§ **Brief**: Print every line of the material below exactly as it stands, but omit the pictures.

§ **Raw data**:
|---|

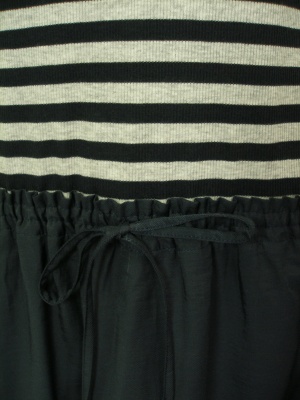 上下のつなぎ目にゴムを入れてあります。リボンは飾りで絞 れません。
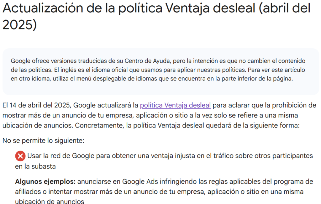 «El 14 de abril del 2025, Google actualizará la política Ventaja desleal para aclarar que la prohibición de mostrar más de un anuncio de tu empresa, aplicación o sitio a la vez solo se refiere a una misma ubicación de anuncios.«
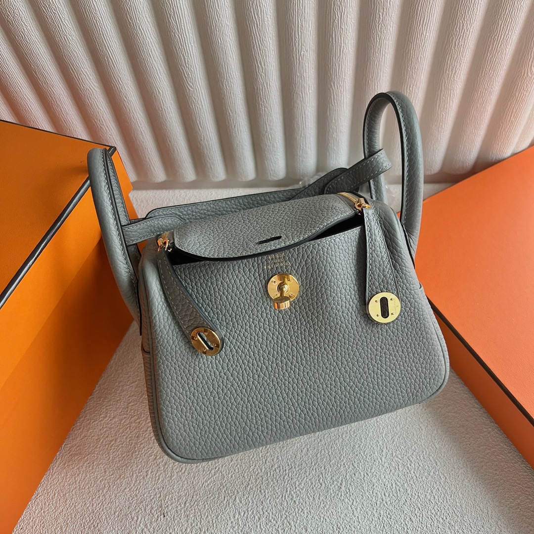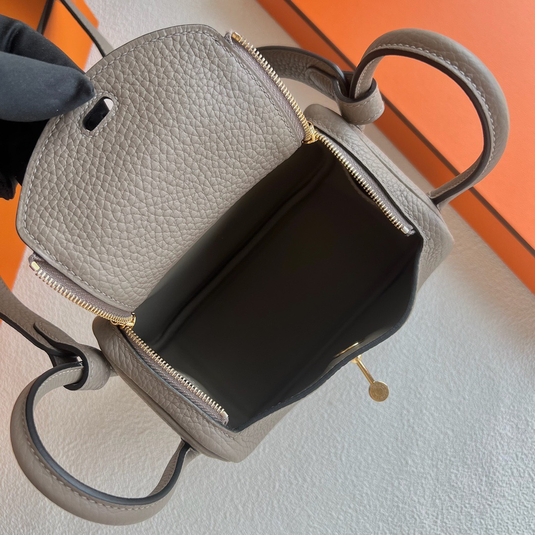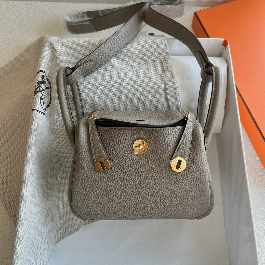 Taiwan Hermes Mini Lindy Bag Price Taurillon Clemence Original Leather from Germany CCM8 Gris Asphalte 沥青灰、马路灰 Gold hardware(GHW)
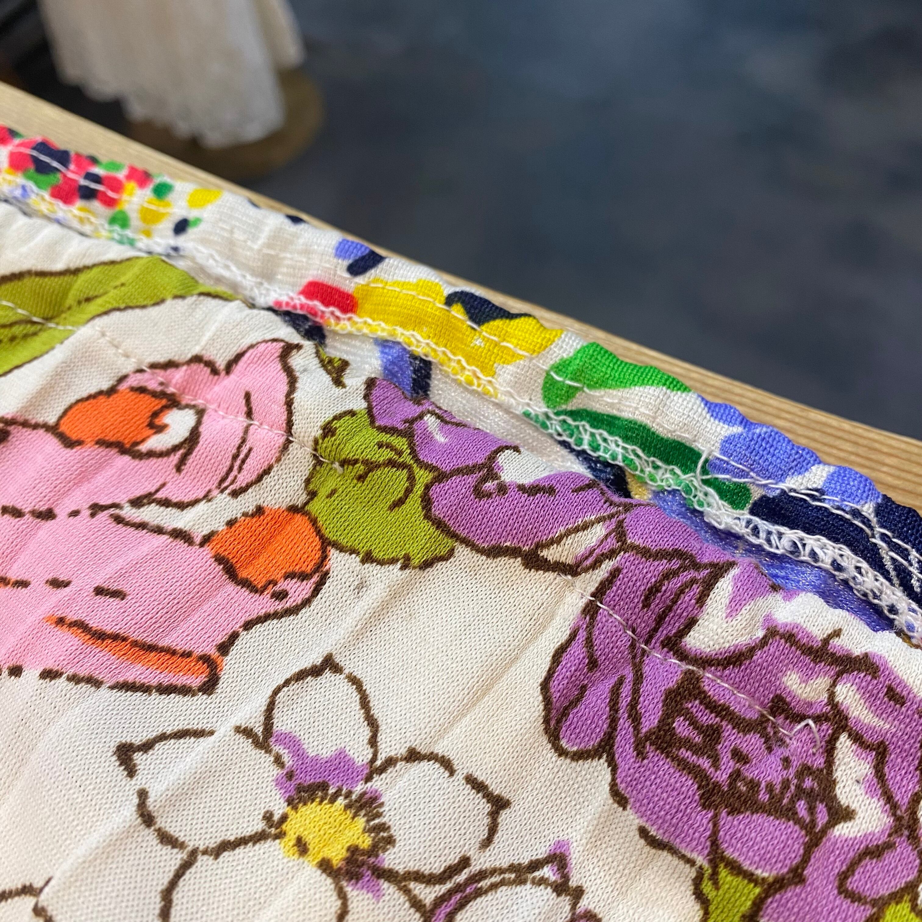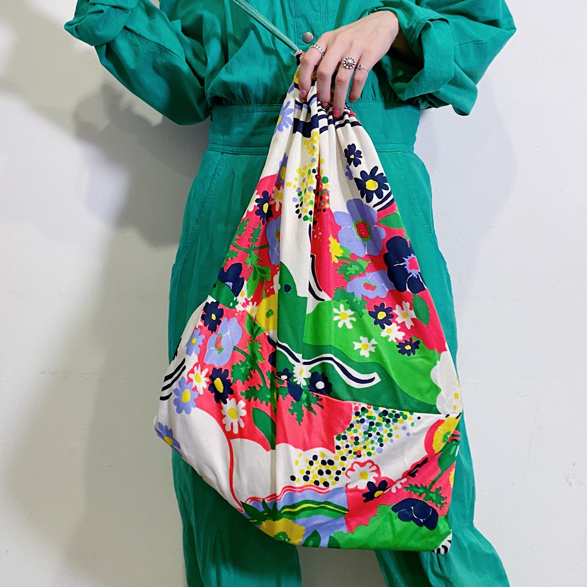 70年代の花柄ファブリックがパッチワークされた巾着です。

|---|

§ **Task solution**:
 上下のつなぎ目にゴムを入れてあります。リボンは飾りで絞 れません。
 «El 14 de abril del 2025, Google actualizará la política Ventaja desleal para aclarar que la prohibición de mostrar más de un anuncio de tu empresa, aplicación o sitio a la vez solo se refiere a una misma ubicación de anuncios.«
 Taiwan Hermes Mini Lindy Bag Price Taurillon Clemence Original Leather from Germany CCM8 Gris Asphalte 沥青灰、马路灰 Gold hardware(GHW)
 70年代の花柄ファブリックがパッチワークされた巾着です。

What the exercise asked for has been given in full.